As is well known that N-nitroso-N-methylurethane (NNNMU) causes acute lung injury (ALI) in experimental animals. And ALI caused by NNNMU is very similar to ARDS in human being in its pathology and progress. In its context, we investigated the pathogenetic mechanism of ARDS associated with oxidative stress by neutrophils in Sprague-Dawley rat model of NNNMU-induced ALI. NNNMU had increased lung weight/body weight ratio (L/B ratio), lung myeloperoxidase (MPO) activity, protein content and number of neutrophils in bronchoalveolar fluid (BALF) compared with those of control rat (p<0.001, respectively). In contrast, the amount of pulmonary surfactant in BALF was decreased by NNNMU (p<0.001). Morphologically, light microscopic examination denoted pathological findings such as formation of hyaline membrane, infiltration of neutrophils and perivascular cuffing in the lungs of NNNMU-treated rats.
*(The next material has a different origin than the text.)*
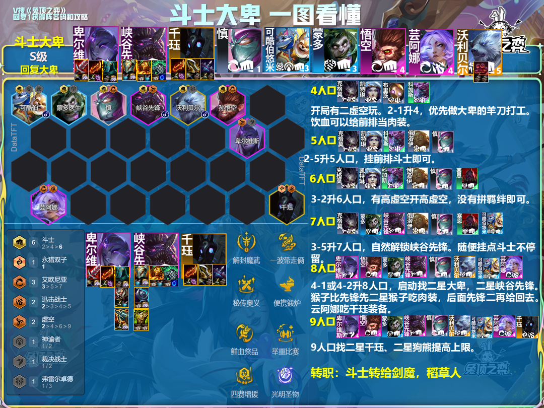 开局有二虚空玩。2-1升4,优先做大卑的羊刀打工。饮血可以给前排当肉装。
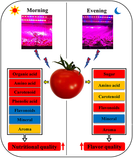 - Flavor: The light and dark phases influence fruit flavor development as hormone composition can alter. Therefore, flavor consistency can be controlled by adjusting light recipes and timing of exposure after understanding the hormone compositions and concentrations at different times of the day. For example, in Figure 4, evening exposure to LEDs improves the flavor of tomatoes.

In addition, ultrastructural changes such as the necrosis of endothelial cells, swelling and vacuolization of lamellar bodies of alveolar type II cells, and the degeneration of pulmonary surfactant were identified after treatment of NNNMU. Very interestingly, cerium chloride electron microscopic cytochemistry showed that NNNMU had increased the production of cerrous-peroxide granules in the lung, which signified the increased production of hydrogen peroxide in the lung. Collectively, we conclude that NNNMU causes acute lung leak by the mechanism of neutrophilic oxidative stress of the lung.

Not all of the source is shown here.